En este mundo, los pobres no
pueden soñar. Ni siquiera llegan a imaginarse qué significa cerrar los ojos y
dejarse llevar por el mundo onírico. Para ellos, todo lo que existe es una mera
mezcla putrefacta de desilusiones y desesperanzas que cada noche invade sus
cabezas. Aquella es la manera que tiene el poder
de controlarlos.
Sin sueños no hay aspiraciones ni
imaginación. Sin sueños no existen las metas. Sin sueños no hay ideas ni
cambios. Sin sueños no existe la revolución.
Todo comienza, entonces, con un
sueño.
Que sea robado o no, que llegara
por alguna falla o por milagro, realmente no importa. Importa, cómo no, la
manera en que un anciano encorvado se derrumbó en mitad de la calle una noche
cualquiera y soñó. Soñó tan profundamente que, al despertar, no reconoció nada a su alrededor.

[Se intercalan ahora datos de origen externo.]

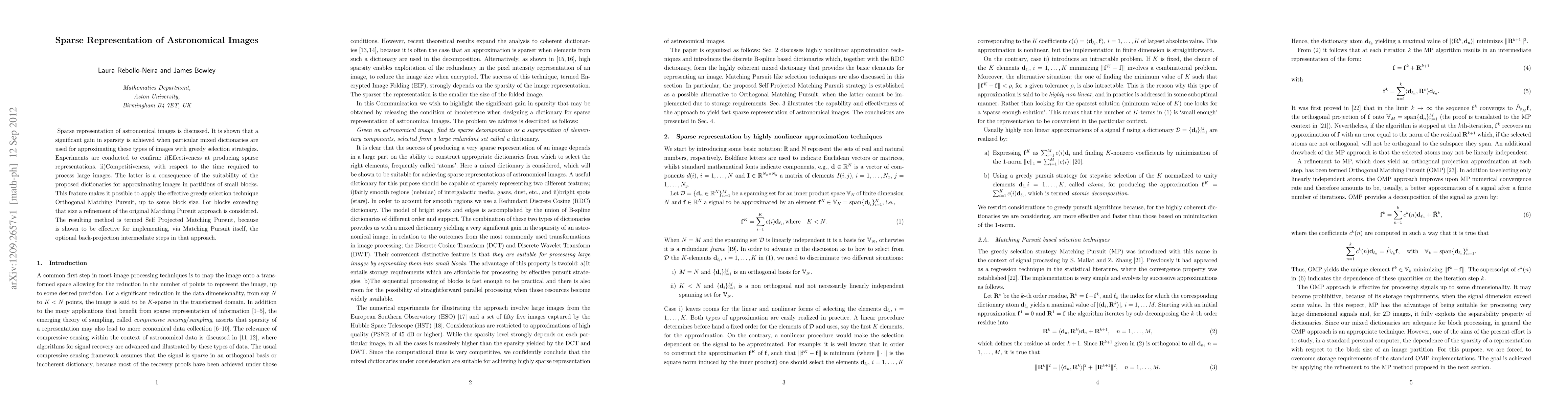 Sparse representation of astronomical images is discussed. It is shown that a significant gain in sparsity is achieved when particular mixed dictionaries are used for approximating these types of images with greedy selection strategies. Experiments are conducted to confirm: i)Effectiveness at producing sparse representations. ii)Competitiveness, with respect to the time required to process large images.The latter is a consequence of the suitability of the proposed dictionaries for approximating images in partitions of small blocks.This feature makes it possible to apply the effective greedy selection technique Orthogonal Matching Pursuit, up to some block size. For blocks exceeding that size a refinement of the original Matching Pursuit approach is considered. The resulting method is termed Self Projected Matching Pursuit, because is shown to be effective for implementing, via Matching Pursuit itself, the optional back-projection intermediate steps in that approach.
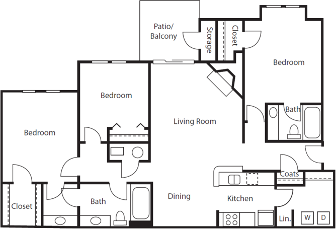 Apartment Model: B32 Bedroom, 2 Bath, 1168 sq ftUnavailable![]()

No reconoció sus ropas andrajosas,
puesto que estaba seguro de haber vestido las mejores telas. Tampoco reconoció
porqué sentía aquel ardor tan asqueroso en la boca del estomago, luego de que
la noche anterior, engullera toda clase de carnes, frutas y vinos. Mucho menos
entendió, entonces, ser un paupérrimo, luego de tener por seguro que era el
Dios de su mundo.
Por ello, aquel anciano solo se
limitó a frotarse los ojos, a darse pellizcos o a echarse agua en la cara,
esperando de una vez por todas, despertarse de lo que para él era un sueño
nefasto.
Al final, se encorvó un poco más y enloqueció.